> _Work item_: The pictures in the data below are to be omitted; all else must be duplicated exactly.

> _Provided data_:
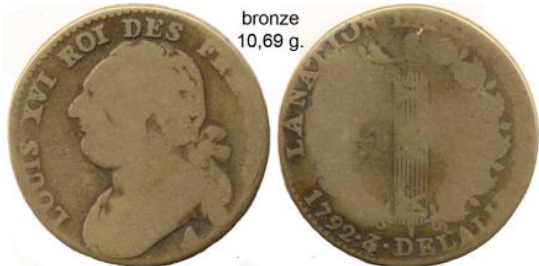
12 deniers 1792 An 4/3 Louvre (rose) bronze 10,69 g.
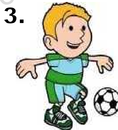
a ball ボール
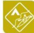
Actividades físicas e deportivas
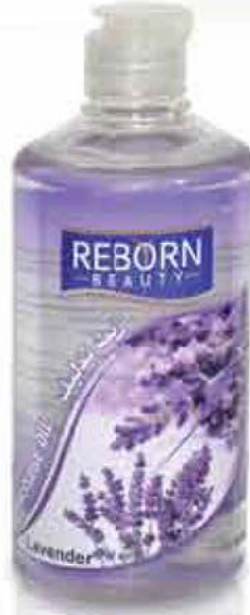
Lavender Massage Oil زيت للتدليك بخلصة اللافندر

> _Written answer_:
12 deniers 1792 An 4/3 Louvre (rose) bronze 10,69 g.
a ball ボール
Actividades físicas e deportivas
Lavender Massage Oil زيت للتدليك بخلصة اللافندر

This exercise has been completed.